Tumor/normal DNA, tumor-only RNA

subject_id,group_id,sample_id,sample_type,sequence_type,filetype,filepath
PATIENT1,PATIENT1,PATIENT1-T,tumor,dna,bam,/path/to/PATIENT1-T.dna.bam
PATIENT1,PATIENT1,PATIENT1-R,normal,dna,bam,/path/to/PATIENT1-R.dna.bam
PATIENT1,PATIENT1,PATIENT1-T-RNA,tumor,dna,bam,/path/to/PATIENT1-T.rna.bam

Multiple patients and/or samples

Suppose you have multiple patients, each with one or more biopsies taken from different years.

You could then set:

  • subject_id to the patient ID
  • group_id to the set of samples for a particular year (e.g.

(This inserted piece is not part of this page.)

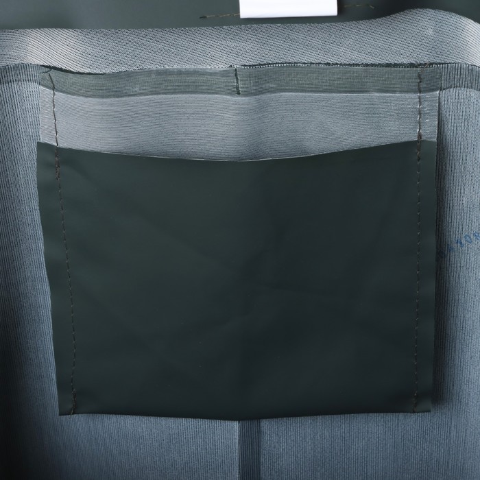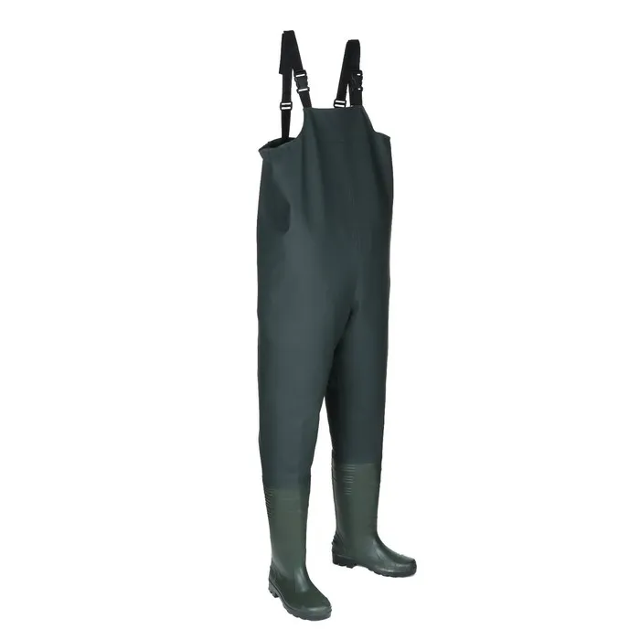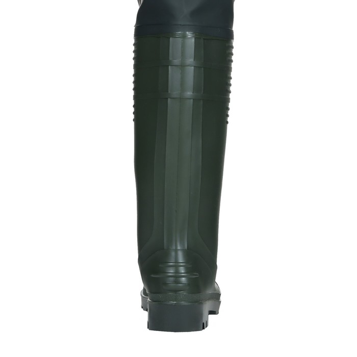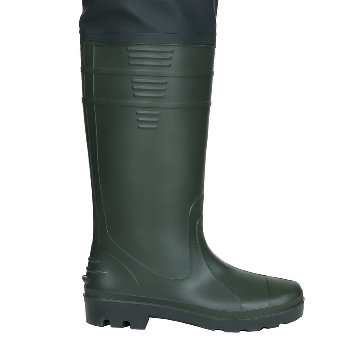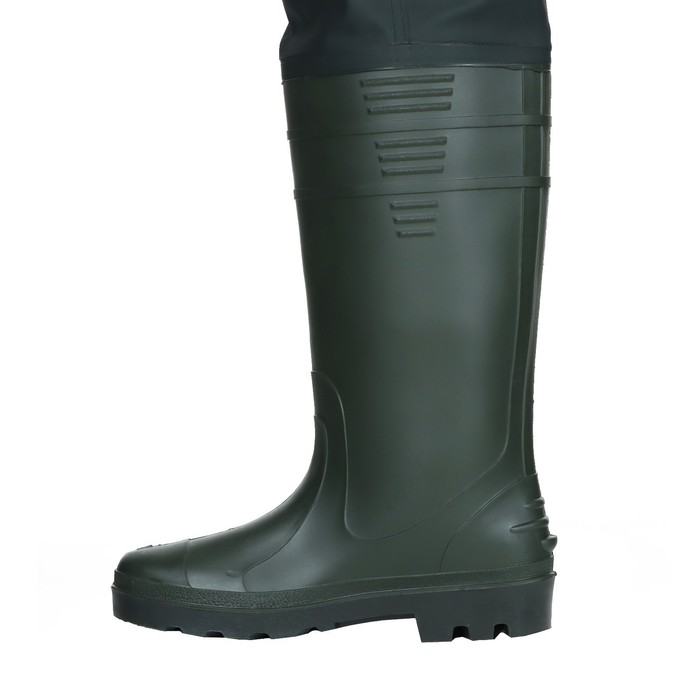 Водонепроницаемый полукомбинезон изготовлен из искусственной кожи (ПВХ) и сапог мужских путем «сваривания» деталей токами высокой частоты. Изделие цельнокроеное, без боковых швов. Верхняя часть полукомбинезона обработана отделочным швом в подгибку.

PATIENT1-YEAR1)
  • sample_id to the actual sample IDs in the sample set for that year

For example:

subject_id,group_id,sample_id,sample_type,sequence_type,filetype,filepath
PATIENT1,PATIENT1-YEAR1,PATIENT1-YEAR1-T,tumor,dna,bam,/path/to/PATIENT1-YEAR1-T.dna.bam
PATIENT1,PATIENT1-YEAR1,PATIENT1-YEAR1-R,normal,dna,bam,/path/to/PATIENT1-YEAR1-R.dna.bam
PATIENT1,PATIENT1-YEAR2,PATIENT1-YEAR2-T,tumor,dna,bam,/path/to/PATIENT1-YEAR2-T.dna.bam
PATIENT1,PATIENT1-YEAR2,PATIENT1-YEAR2-R,normal,dna,bam,/path/to/PATIENT1-YEAR2-R.dna.bam
PATIENT2,PATIENT2-YEAR1,PATIENT2-YEAR1-T,tumor,dna,bam,/path/to/PATIENT2-YEAR1-T.dna.bam
PATIENT2,PATIENT2-YEAR1,PATIENT2-YEAR1-R,normal,dna,bam,/path/to/PATIENT2-YEAR1-R.dna.bam

Running from REDUX BAM

For DNA sequencing analyses, read alignment with bwa-mem2 and read pre-processing with REDUX are the pipeline steps that take the most time and compute resources. Thus, we can re-run Oncoanalyser from a REDUX BAM if it is already exists, e.g. due to updates to downstream tools from hmftools.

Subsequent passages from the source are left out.